2013: Langgut, Dafna, Israel Finkelstein, and Thomas Litt. “Climate and the Late Bronze Collapse: new evidence from the Southern Levant.” Tel Aviv 40.2 (2013): 149-175. A core drilled from the Sea of Galilee was subjected to high resolution pollen analysis for the Bronze and Iron Ages. The detailed pollen diagram (sample/~40 yrs) was used to reconstruct past climate changes and human impact on the vegetation of the Mediterranean zone of the southern Levant. The chronology is based on radiocarbon dating of short-lived terrestrial organic material. The results indicate that the driest event throughout the Bronze and Iron Ages occurred ~1250–1100 BCE—at the end of the Late Bronze Age. This arid phase was identified based on a significant decrease in Mediterranean tree values, denoting a reduction in precipitation and the shrinkage of the Mediterranean forest/maquis. The Late Bronze dry event was followed by dramatic recovery in the Iron I, evident in the increased percentages of both Mediterranean trees and cultivated olive trees. Archaeology indicates that the crisis in the eastern Mediterranean at the end of the Late Bronze Age took place during the same period—from the mid- 13th century to ca. 1100 BCE. In the Levant the crisis years are represented by destruction of a large number of urban centres, shrinkage of other major sites, hoarding activities and changes in settlement patterns. Textual evidence from several places in the Ancient Near East attests to drought and famine starting in the mid-13th and continuing until the second half of the 12th century. All this helps to better understand the ‘Crisis Years’ in the eastern Mediterranean at the end of the Late Bronze Age and the quick settlement recovery in the Iron I, especially in the highlands of the Levant.

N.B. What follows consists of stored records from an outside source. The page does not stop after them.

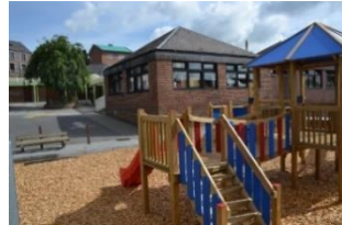
Rue du Tilleul 1 Somme-Leuze 086/32 27 22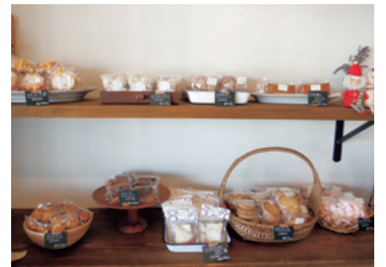
▲ベーグルやクロワッサンなど、様々な種類のパンを販売季節に合わせたケーキも人気です

コウボパンとおやつ kukka 住所 津山市林田767-1 営業時間 午前10時30分～午後4時30分 定休日 日曜日・月曜日・火曜日 (不定休あり) Instagram @kukka0306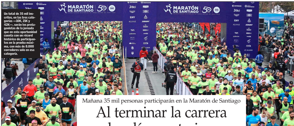
Un total de 35 mil inscritos, en las tres categorías —10K, 21K y 42K—, serán los protagonistas de la jornada que en esta oportunidad cuenta con un récord histórico de participantes en la prueba máxima, con más de 8.000 corredores solo en esa categoría.

SANTIAGO DE CHILE, SÁBADO 25 DE ABRIL DE 2026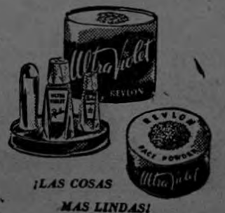
¡LAS COSAS MAS LINDAS!

Nuevo, fascinante, inimitable... ¡Haga la prueba hoy mismo! Queda bien en toda oportunidad, a cualquier hora, con cualquier vestido... Es increíblemente hermoso... es maravillosamente sentador... ¡es Revlon y está dicho todo!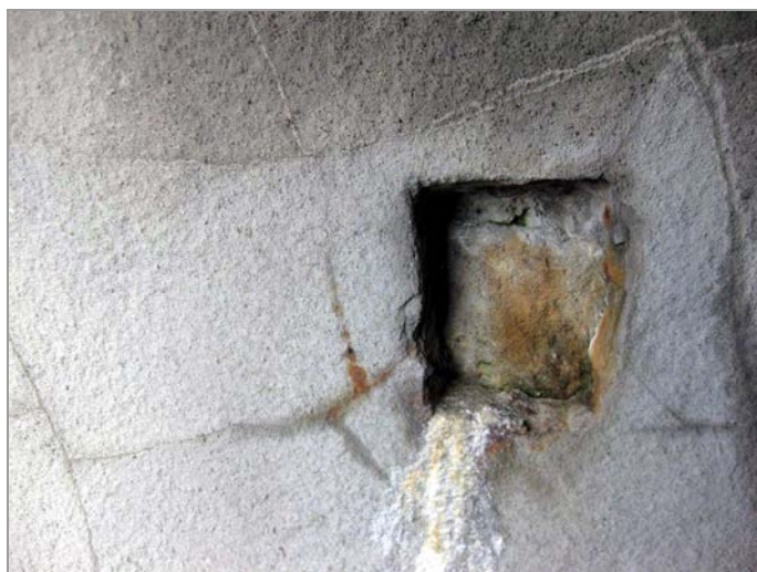
foto 3, 4: Detail původní (západní) část mostu - kamenné zdivo s betonovým nástřikem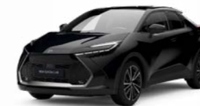
209 mysticschwarz mica 2),3)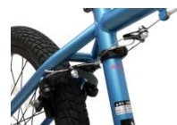
競技用 BMX でも使われる U ブレーキを採用し、本格的なルックスを追求。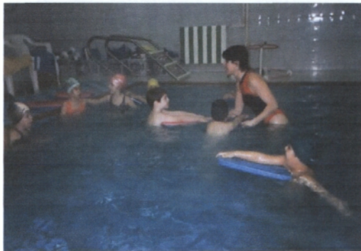
Συμμετοχή σε μαθήματα κολύμβησης

2013: Kaniewski, David, et al. “Environmental roots of the Late Bronze Age crisis.” PLoS One 8.8 (2013): e71004. The Late Bronze Age world of the Eastern Mediterranean, a rich linkage of Aegean, Egyptian, Syro-Palestinian, and Hittite civilizations, collapsed famously 3200 years ago and has remained one of the mysteries of the ancient world since the event’s retrieval began in the late 19thcentury AD/CE. Iconic Egyptian bas-reliefs and graphic hieroglyphic and cuneiform texts portray the proximate cause of the collapse as the invasions of the “Peoples-of-the-Sea” at the Nile Delta, the Turkish coast, and down into the heartlands of Syria and Palestine where armies clashed, famine-ravaged cities abandoned, and countrysides depopulated. Here we report palaeoclimate data from Cyprus for the Late Bronze Age crisis, alongside a radiocarbon-based chronology integrating both archaeological and palaeoclimate proxies, which reveal the effects of abrupt climate change-driven famine and causal linkage with the Sea People invasions in Cyprus and Syria. The statistical analysis of proximate and ultimate features of the sequential collapse reveals the relationships of climate-driven famine, sea-borne-invasion, region-wide warfare, and politico-economic collapse, in whose wake new societies and new ideologies were created.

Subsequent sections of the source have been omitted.